Repeat the data word for word and skip the pictures.

-- Data below --
▼

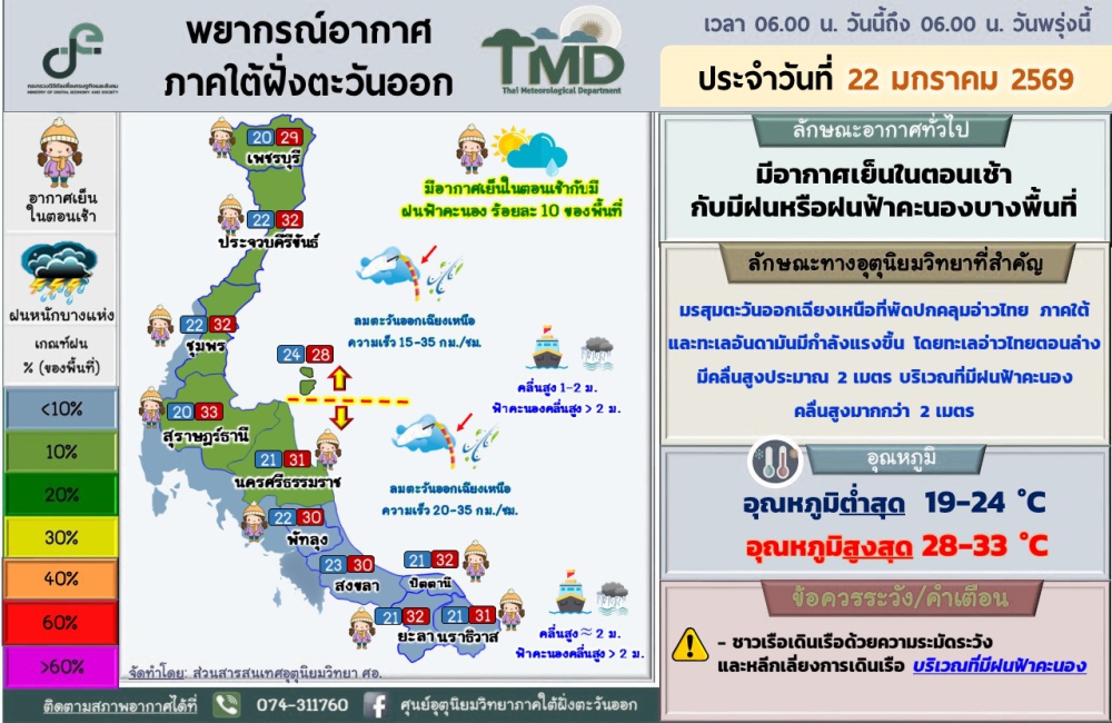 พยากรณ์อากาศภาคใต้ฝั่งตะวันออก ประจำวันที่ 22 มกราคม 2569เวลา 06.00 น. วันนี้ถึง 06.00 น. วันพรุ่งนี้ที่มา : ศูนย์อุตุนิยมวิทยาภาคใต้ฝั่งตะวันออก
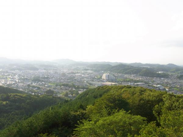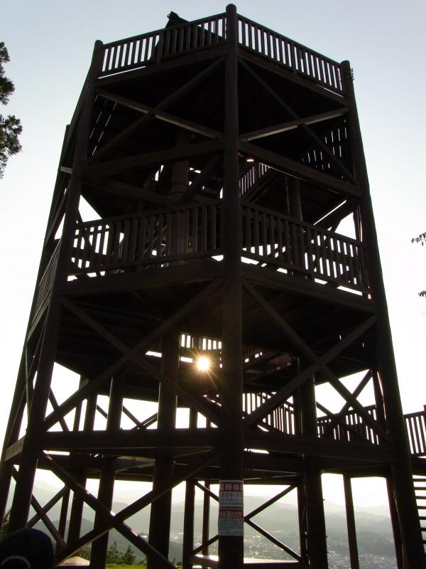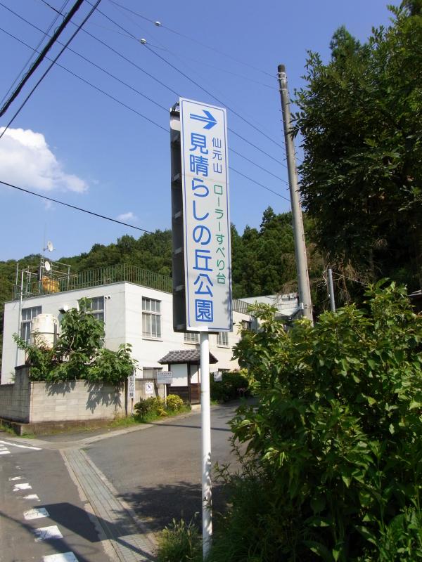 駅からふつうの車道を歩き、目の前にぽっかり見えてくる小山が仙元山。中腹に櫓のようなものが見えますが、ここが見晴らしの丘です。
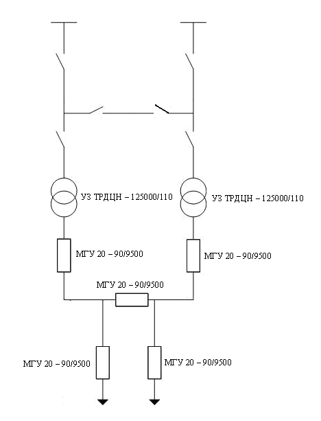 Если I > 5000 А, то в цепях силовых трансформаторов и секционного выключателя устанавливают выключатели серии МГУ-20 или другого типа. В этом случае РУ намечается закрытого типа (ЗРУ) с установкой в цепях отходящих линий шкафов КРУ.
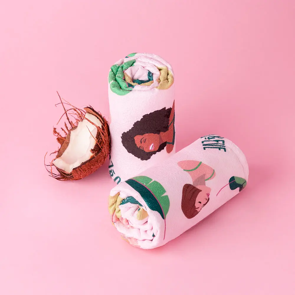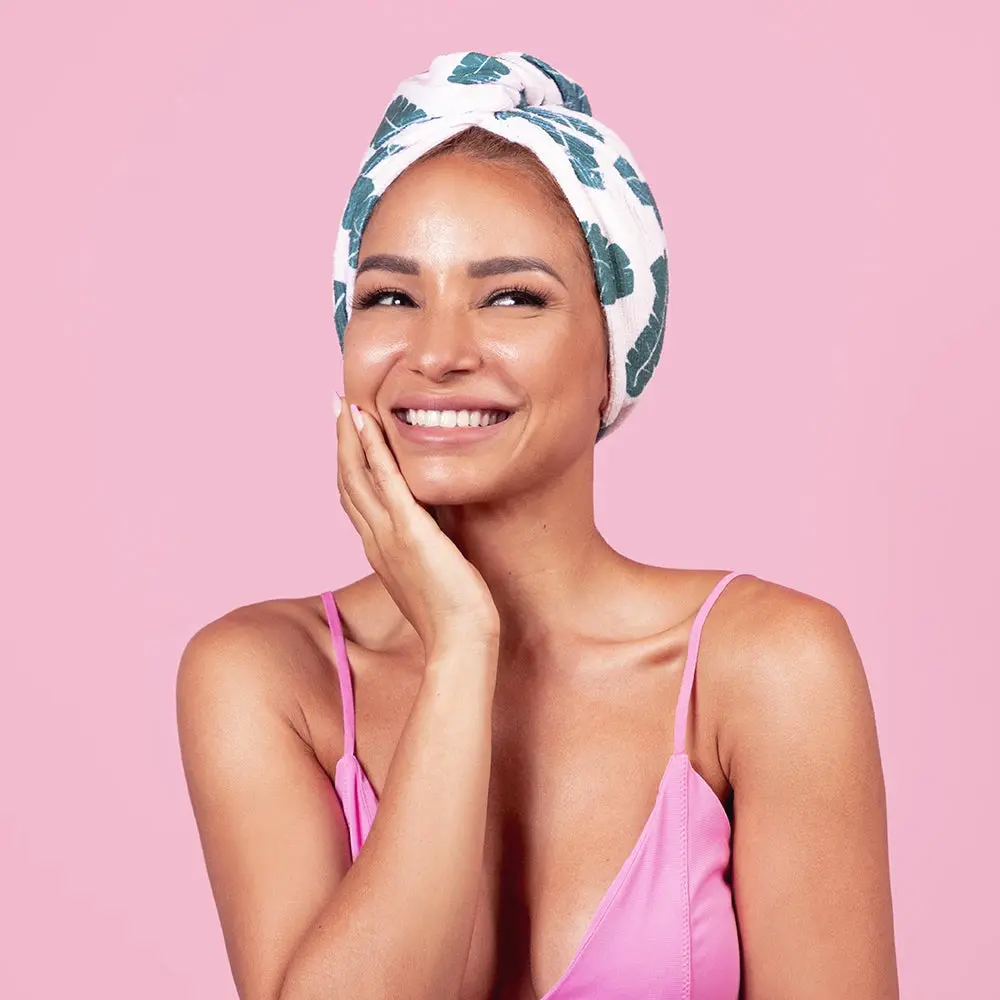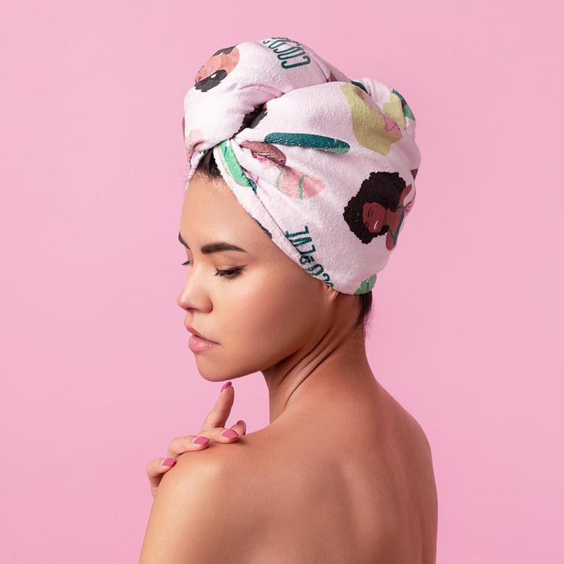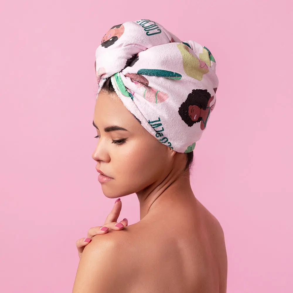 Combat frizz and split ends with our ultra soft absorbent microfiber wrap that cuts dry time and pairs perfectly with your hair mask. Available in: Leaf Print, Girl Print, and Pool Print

▲

-- Response --
 พยากรณ์อากาศภาคใต้ฝั่งตะวันออก ประจำวันที่ 22 มกราคม 2569เวลา 06.00 น. วันนี้ถึง 06.00 น. วันพรุ่งนี้ที่มา : ศูนย์อุตุนิยมวิทยาภาคใต้ฝั่งตะวันออก
 駅からふつうの車道を歩き、目の前にぽっかり見えてくる小山が仙元山。中腹に櫓のようなものが見えますが、ここが見晴らしの丘です。
 Если I > 5000 А, то в цепях силовых трансформаторов и секционного выключателя устанавливают выключатели серии МГУ-20 или другого типа. В этом случае РУ намечается закрытого типа (ЗРУ) с установкой в цепях отходящих линий шкафов КРУ.
 Combat frizz and split ends with our ultra soft absorbent microfiber wrap that cuts dry time and pairs perfectly with your hair mask. Available in: Leaf Print, Girl Print, and Pool Print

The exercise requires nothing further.